The White House Council of Economic Advisers is a three-person group that advises the president on economic policy.
President Trump threatened America’s trading partners on his first day in office by vowing to impose steep tariffs, including a 25% tariff on products from Mexico and Canada and a 10% tariff on imports from China.
During the election campaign, President Trump pledged to impose a 20% blanket tariff on all imports from the United States and a 60% tariff on imports from China, indicating that his policies in his second term would be more protectionist. suggested that it had the potential to destroy the world economy and society. than his first market.

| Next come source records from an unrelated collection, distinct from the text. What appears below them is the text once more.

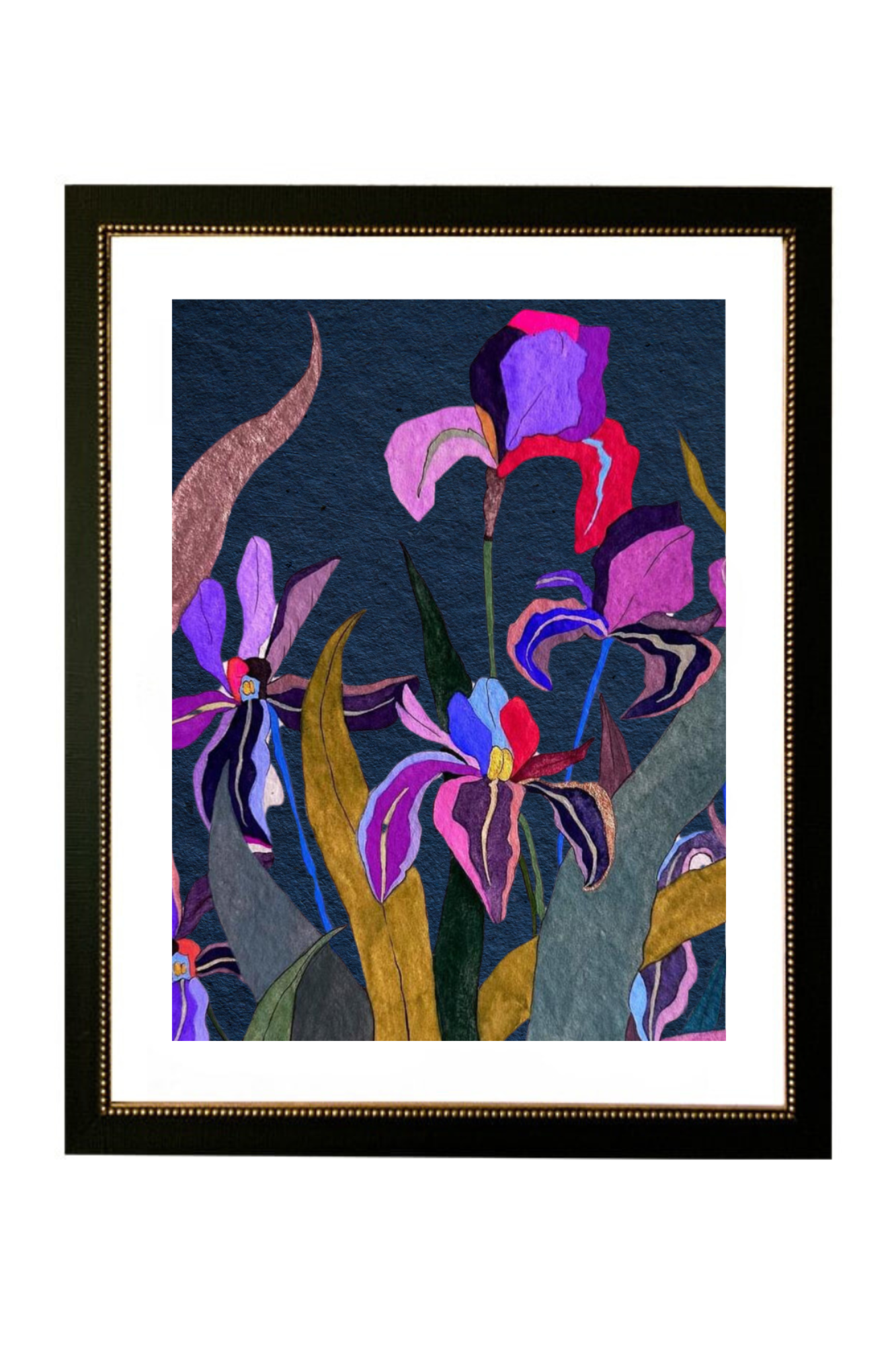 Cuadro de flores, paspartú blanco y marco de madera negro con mini perlitas color dorado envejecido.
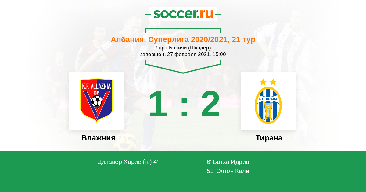 Албания. Суперлига 30.12.2020 Тирана Логотип футбольный клуб Тирана 1:1 Логотип футбольный клуб Влажния (Шкодер) Влажния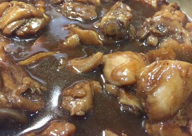 - Add chicken into the mixture and stir fry altogether until chicken meats are cooked and browned.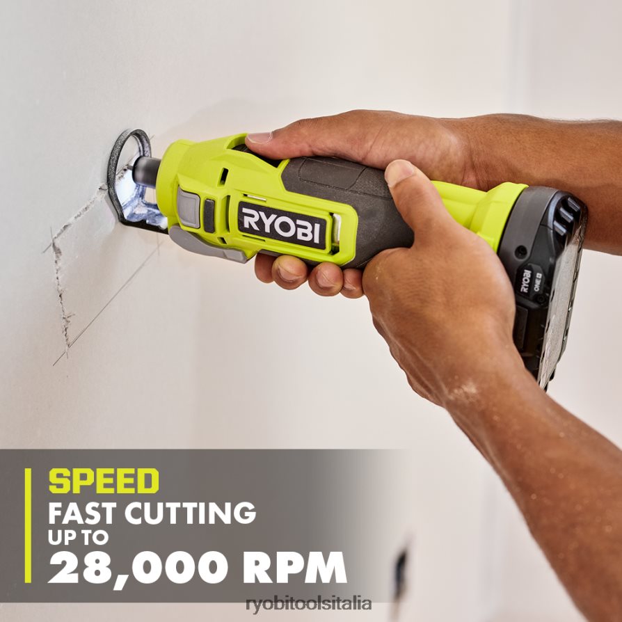 espandi il tuo sistema Ryobi 18v one+ con lo strumento di ritaglio ryobi 18v one+. il potente motore fornisce fino a 28.000 giri al minuto e fornisce oltre 190 tagli per carica. dotato di una luce da lavoro a LED integrata sperimenterai una migliore visibilità del taglio. questo strumento accetta punte da 1/8″ e 1/4″ incorporando anche un cambio punta facile e veloce con spazio per chiavi integrato. lo strumento da ritaglio 18v one+ ha un interruttore di blocco per il taglio continuo. soprattutto, fa parte del sistema ryobi one+ di oltre 280 prodotti cordless che funzionano tutti sulla stessa piattaforma di batteria. questo strumento di ritaglio 18 V one+ è coperto dalla garanzia del produttore di 3 anni Ryobi e include (1) strumento di ritaglio 18 V one+ e manuale dell’operatore. batteria e caricabatterie venduti separatamente.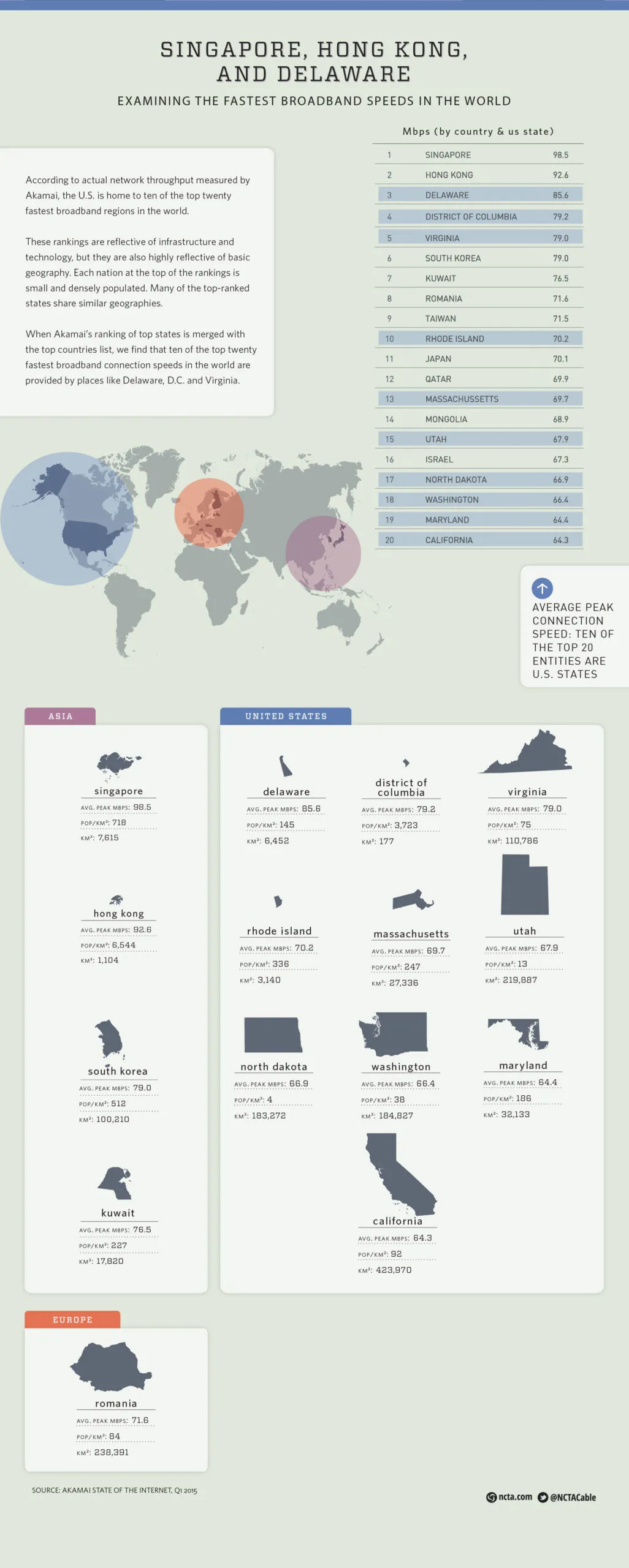 According to data from Akamai, the U.S. is home to ten of the top twenty fastest regions in the world.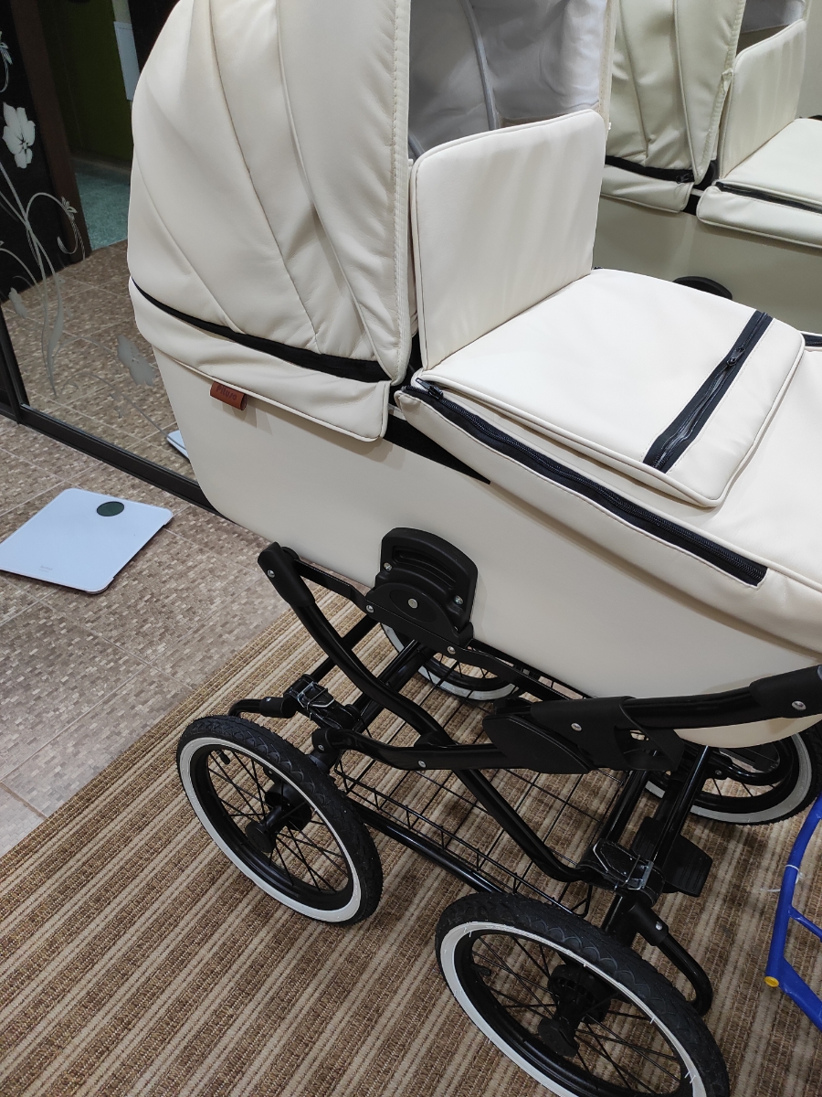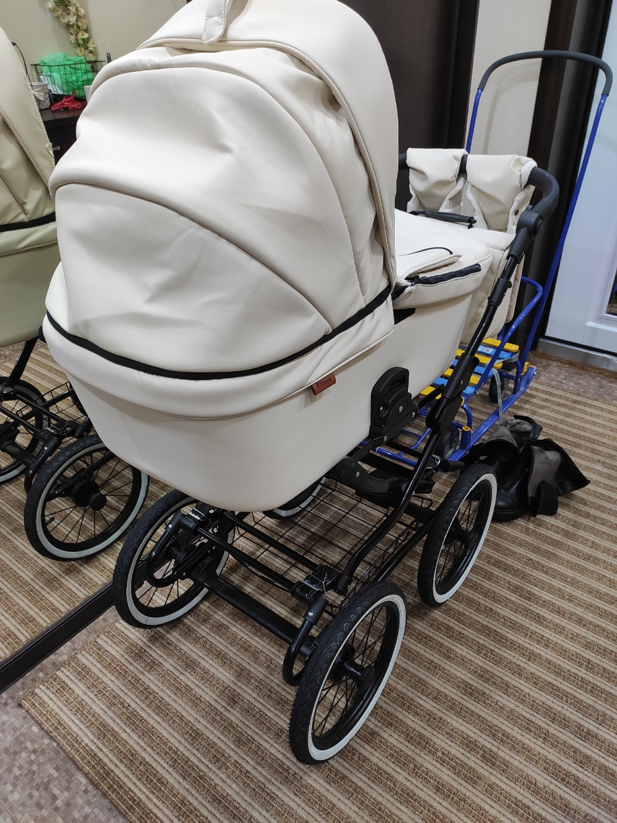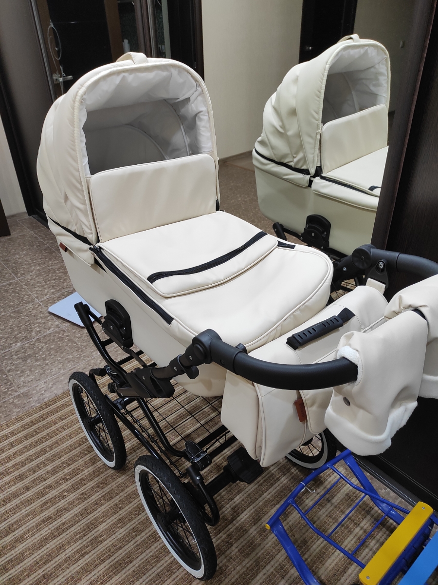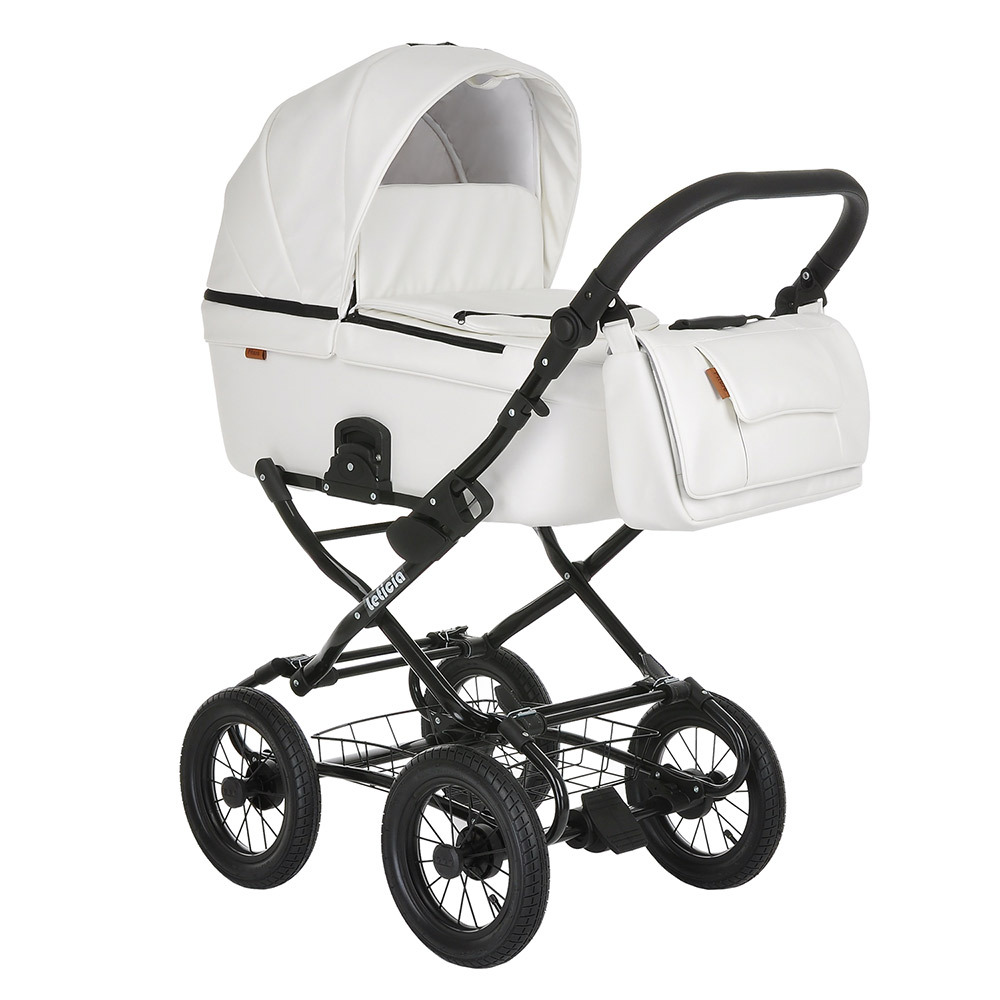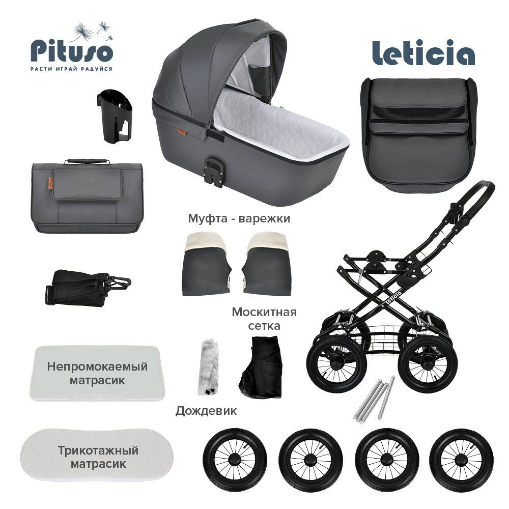 Детская коляска-люлька Pituso Leticia Classic колеса 12d Кожа White Metalic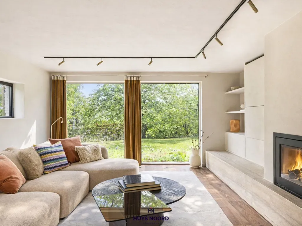 Deze leidt u naar een cosy zitkamer met open haard en zicht op uw prachtig landelijk aangelegde tuin.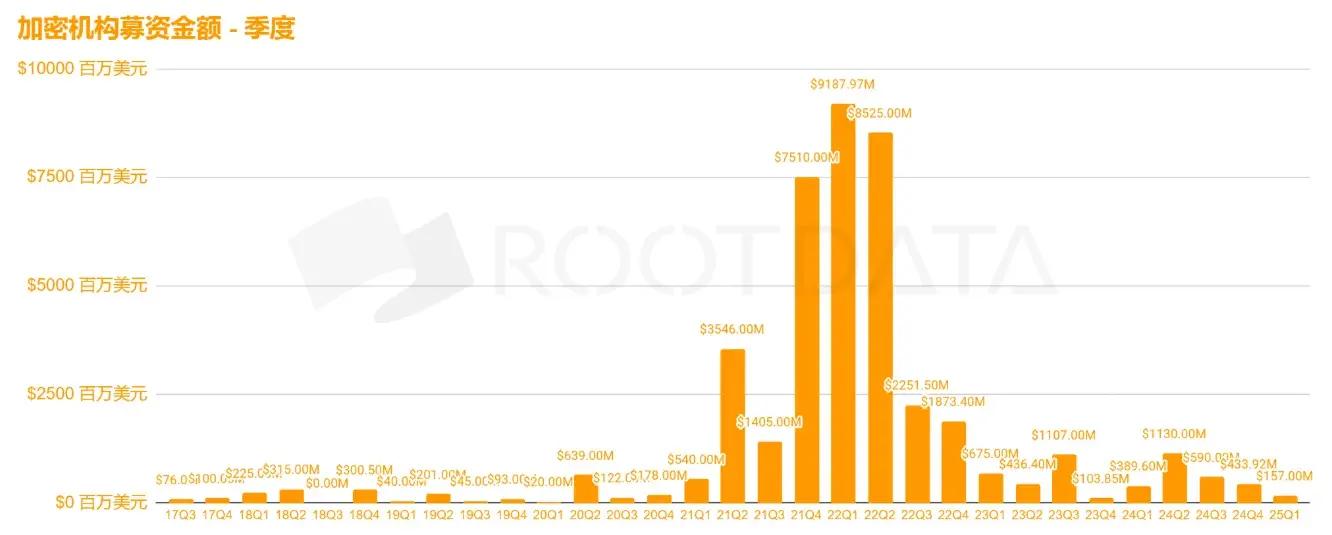 季度数据印证颓势:2024年Q2后(BTC减半周期)募资金额回落至4.2亿美元,与2020年DeFi崛起前水平相当,本周期牛市并未给加密机构募资带来增量资金

The president-elect also promised to renew tax cuts enacted during his first White House tenure.
Earlier this year, Milan co-authored a paper accusing the Biden administration’s Treasury of manipulating the economy during the election, calling the government’s reliance on short-term debt amounting to “stealth quantitative easing,” and calling the Fed to fight inflation. He claimed that it was interfering with his ability.
“By adjusting the maturity profile of government debt issuance, the Treasury is dynamically managing financial conditions and, through it, the economy, usurping the Federal Reserve’s core functions,” he wrote with economist Nouriel Roubini. There is.
“We call this novel tool ‘Activist Treasury Issuance’ (ATI). By manipulating the amount of interest rate risk investors hold, ATI is similar to the Fed’s quantitative easing program. We are active through channels.”
Mr Milan co-authored an article in FT Alphaville last year warning of the dangers of the two-tier bond market. A two-tier bond market would “undermine the ability of U.S. Treasuries to serve as risk-free collateral supporting the global financial system” and create a crisis for the United States. Disruption of emerging economies falling into default.
Milan also announced more aggressive fiscal and monetary policy measures in October 2020, about a month before that year’s elections, to support economic recovery amid the coronavirus pandemic. He criticized Mr. Powell for calling for stimulus checks.
“In October 2020, on the eve of the presidential election, Mr. Powell was politically and economically wrong to urge Congress to ‘go big’ with fiscal stimulus. ‘s $3 trillion proposal,” Millan wrote. At X in September. “I know what happened next.”
Milan must be confirmed by the U.S. Senate.
Last month, President Trump nominated Kevin Hassett to head the National Economic Council.